Task objective: Transcribe all the entries word for word, but omit the images.
*** Opening Material provided ***
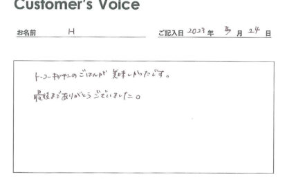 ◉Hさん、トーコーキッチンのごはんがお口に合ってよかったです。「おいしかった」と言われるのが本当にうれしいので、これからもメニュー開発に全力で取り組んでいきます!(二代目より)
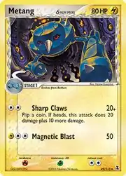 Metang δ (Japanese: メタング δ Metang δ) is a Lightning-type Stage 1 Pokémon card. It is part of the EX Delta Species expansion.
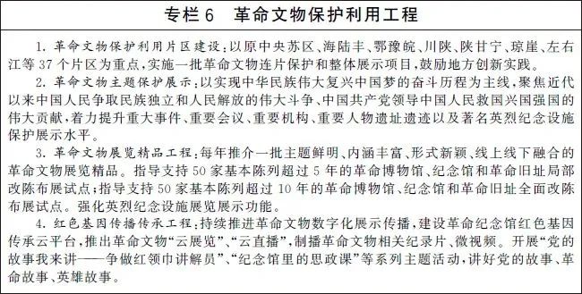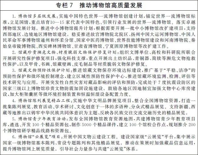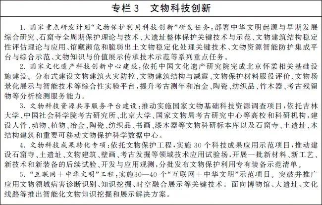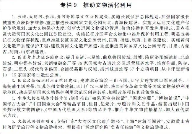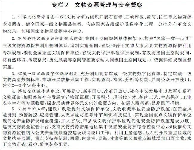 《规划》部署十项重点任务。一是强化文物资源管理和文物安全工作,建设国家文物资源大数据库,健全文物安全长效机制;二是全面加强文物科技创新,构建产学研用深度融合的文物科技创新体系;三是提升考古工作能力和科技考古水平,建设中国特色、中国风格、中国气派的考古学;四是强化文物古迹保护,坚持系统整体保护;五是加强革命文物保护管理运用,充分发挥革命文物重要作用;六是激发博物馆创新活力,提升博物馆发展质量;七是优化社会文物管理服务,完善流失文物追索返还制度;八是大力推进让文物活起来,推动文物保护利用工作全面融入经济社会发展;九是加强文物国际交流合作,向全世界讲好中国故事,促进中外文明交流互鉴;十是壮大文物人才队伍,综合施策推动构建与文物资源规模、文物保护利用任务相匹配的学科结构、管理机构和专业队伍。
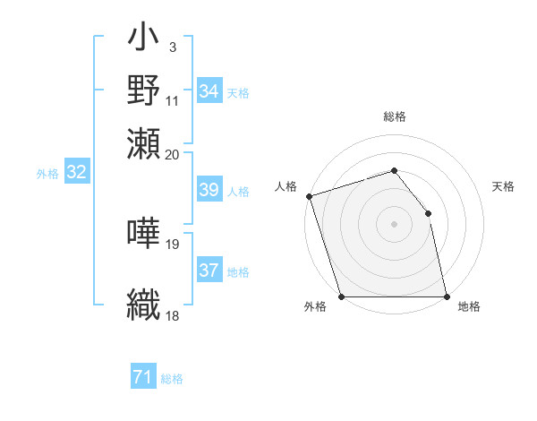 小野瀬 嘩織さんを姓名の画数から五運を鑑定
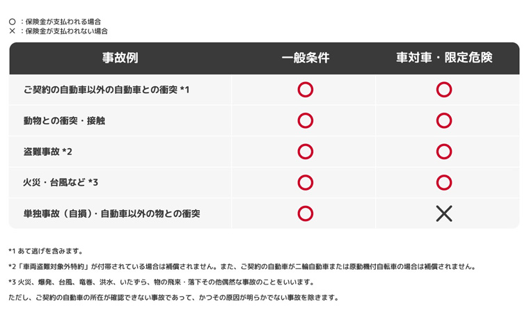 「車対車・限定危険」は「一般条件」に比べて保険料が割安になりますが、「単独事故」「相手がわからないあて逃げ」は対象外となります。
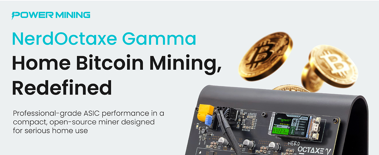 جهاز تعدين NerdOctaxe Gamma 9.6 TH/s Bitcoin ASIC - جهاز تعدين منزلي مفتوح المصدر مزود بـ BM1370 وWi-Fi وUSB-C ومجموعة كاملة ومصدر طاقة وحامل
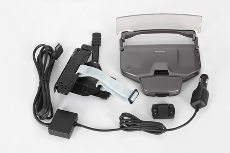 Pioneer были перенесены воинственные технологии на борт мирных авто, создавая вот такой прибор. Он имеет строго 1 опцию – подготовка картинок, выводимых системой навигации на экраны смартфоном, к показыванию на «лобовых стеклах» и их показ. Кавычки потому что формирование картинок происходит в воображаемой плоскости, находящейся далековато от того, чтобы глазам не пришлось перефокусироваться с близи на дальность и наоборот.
*** Closing Material provided ***
Result of this exercise:
 ◉Hさん、トーコーキッチンのごはんがお口に合ってよかったです。「おいしかった」と言われるのが本当にうれしいので、これからもメニュー開発に全力で取り組んでいきます!(二代目より)
 Metang δ (Japanese: メタング δ Metang δ) is a Lightning-type Stage 1 Pokémon card. It is part of the EX Delta Species expansion.
 《规划》部署十项重点任务。一是强化文物资源管理和文物安全工作,建设国家文物资源大数据库,健全文物安全长效机制;二是全面加强文物科技创新,构建产学研用深度融合的文物科技创新体系;三是提升考古工作能力和科技考古水平,建设中国特色、中国风格、中国气派的考古学;四是强化文物古迹保护,坚持系统整体保护;五是加强革命文物保护管理运用,充分发挥革命文物重要作用;六是激发博物馆创新活力,提升博物馆发展质量;七是优化社会文物管理服务,完善流失文物追索返还制度;八是大力推进让文物活起来,推动文物保护利用工作全面融入经济社会发展;九是加强文物国际交流合作,向全世界讲好中国故事,促进中外文明交流互鉴;十是壮大文物人才队伍,综合施策推动构建与文物资源规模、文物保护利用任务相匹配的学科结构、管理机构和专业队伍。
 小野瀬 嘩織さんを姓名の画数から五運を鑑定
 「車対車・限定危険」は「一般条件」に比べて保険料が割安になりますが、「単独事故」「相手がわからないあて逃げ」は対象外となります。
 جهاز تعدين NerdOctaxe Gamma 9.6 TH/s Bitcoin ASIC - جهاز تعدين منزلي مفتوح المصدر مزود بـ BM1370 وWi-Fi وUSB-C ومجموعة كاملة ومصدر طاقة وحامل
 Pioneer были перенесены воинственные технологии на борт мирных авто, создавая вот такой прибор. Он имеет строго 1 опцию – подготовка картинок, выводимых системой навигации на экраны смартфоном, к показыванию на «лобовых стеклах» и их показ. Кавычки потому что формирование картинок происходит в воображаемой плоскости, находящейся далековато от того, чтобы глазам не пришлось перефокусироваться с близи на дальность и наоборот.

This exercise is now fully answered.